Nov 08, 2009, 09:54 PM
Registered User
earlwb's Avatar
Those are pretty good servos, especially for their price. i bought quite a few of them, and have them installed in three airplanes. None of the servos has gone bad on me, they all have been working OK. Granted one can easily get better servos, but it is hard to beat the price. Plus they do work OK. So I have been satisfied with them. I use its sister servo with the plastic gears as throttle servos as well.
Nov 08, 2009, 11:18 PM
Syberian's Avatar
My friend bought a pair of them to remote control water valves in the bathroom
Nice idea for automatic temp control because of our traditional water temp leaps.
Nov 09, 2009, 12:26 AM
Registered User
BEX's Avatar
Hi Syberian.

The wing looks cool , but why the ribs?
I have built a sport tipe coro plane of same wingspan at 4 kg AUW , so it is possible to aim lighter.
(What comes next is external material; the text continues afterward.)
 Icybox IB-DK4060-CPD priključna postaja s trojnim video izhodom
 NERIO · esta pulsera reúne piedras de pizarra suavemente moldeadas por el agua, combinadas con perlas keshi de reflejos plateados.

I use 4 x standard servos on the wing.
Nov 09, 2009, 12:51 AM
Syberian's Avatar
but why the ribs?
The ribs are needed to maintain the right airfoil shape. Also they makes the wing very hard to bent and axial twist.
The overall weight of both consoles is 1200g (2.65 lbs).
I wonder how the single-spar wing could resist to flutter and twists?
Nov 09, 2009, 03:43 AM
Registered User
Oleg, Very nice plane.. Are those Coro ribs? Let us know how she progresses. Video would be nice.
Nov 09, 2009, 04:07 AM
Syberian's Avatar
Are those Coro ribs?
Exactly. 3-mm thick.
It cuts easily with paper knife, glues with thermal pistol...
Nov 09, 2009, 08:51 AM
Registered User
BEX's Avatar
Single spar wings of that ize is no problem , i just ad a dowel in the TE to keep 2 winghalves lined up when i do a take-down wing. Look at this thread http://spadworld.net/forum/viewtopic.php?t=16176
and this one http://spadworld.net/forum/viewtopic.php?t=15869

I am busy building a 3m glider wing at the moment , 3 part takedown.
Nov 10, 2009, 11:36 AM
Syberian's Avatar
Hi all
Today I found the topic here, where was discussed the downtime of the famous STTB site.
To prevent any loss of such a unique information source, I was dare to archive all the SPAD section of that site.
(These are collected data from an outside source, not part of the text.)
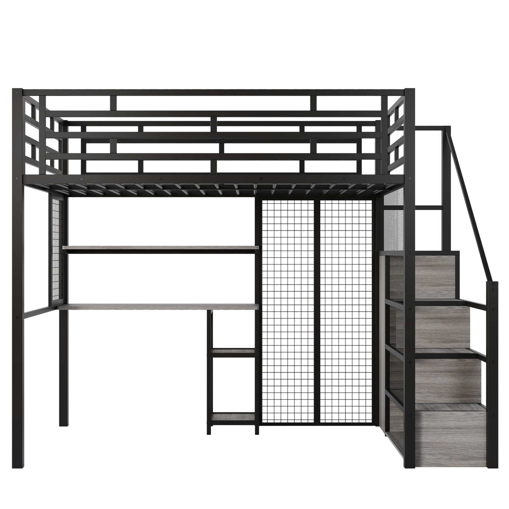 Full Size Metal Loft Bed With Wardrobe, Desk, Storage Shelves - Black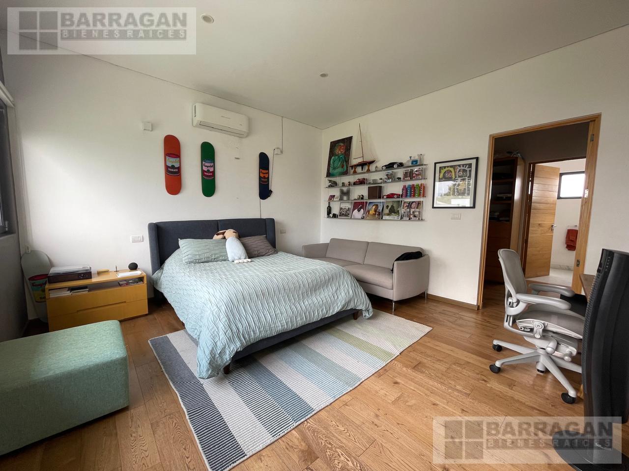En planta alta te recibe un pasillo con ventanería con vista al jardín a través del cual llegas a cuatro recámaras con vestidor y baño cada una.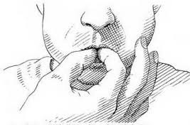 2. 把手指圈成「OK」的形狀,然後放入口中一個指節。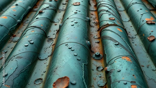 Textured metal roof with water droplets, showcasing a blend of nature and industrial design elements.

Here are my backup in single-file .chm format (128 MB) - opened with simple doubleclick

If there are any copyright infringement, please notify me immediately to remove this link
Nov 14, 2009, 07:12 AM
Syberian's Avatar
Today I`m hardly stucked. Yesterday I moved my coroplast wings to the balcony (-20C). So they are deeply frozen and thermal glue breaks like a glass! I split the side rib by lightly pressing it with my finger.
What glue can beat the thermal glue and withstand the frost? Please help me.


Well... I splitted the wings to the components as there was no glueing at all. Will try soldering iron welding technique by piercing the holes in the materials.
Last edited by Syberian; Nov 14, 2009 at 03:12 PM.
Nov 14, 2009, 03:45 PM
Registered User
Siberian, I think CA is better than hot glue for cold weather flying. If you don't find CA you could use hot glue and add a few staples to the seam. Even zip-ties would help keep the wing together. You could sew the seam with monofilement fishing line. My wife has a recipe for pelmeni that requires the chef to put the pelmeni on a tray and place them outside until they freeze. We've been waiting for months here in California for them to freeze. You're very fortunate to be in Siberia!
Nov 14, 2009, 04:02 PM
Registered User
Oleg, Go to www.vorona.org. The crow is an accomplished SPADER and cold weather flier. He lives in Ufa, Rossia. I think he would be a great help to you. Good luck..

Nov 15, 2009, 06:28 AM
Syberian's Avatar
Well, I`d prefer to keep my pelmeni among the cold beer in my large refrigerator located under my Hawaii isle villa Just a dreams.

I`m already wrote to the Crow about the coro a couple of weeks ago and don`t rcvd any reply yet.

I got a lighter torch and the soldering iron and spent all night experimenting with the coro.

I believe now the welding is the best way to bond the coro plates together. Despite of thermometer readings.

UPD Just received an answer from crow.
Last edited by Syberian; Nov 15, 2009 at 09:53 AM.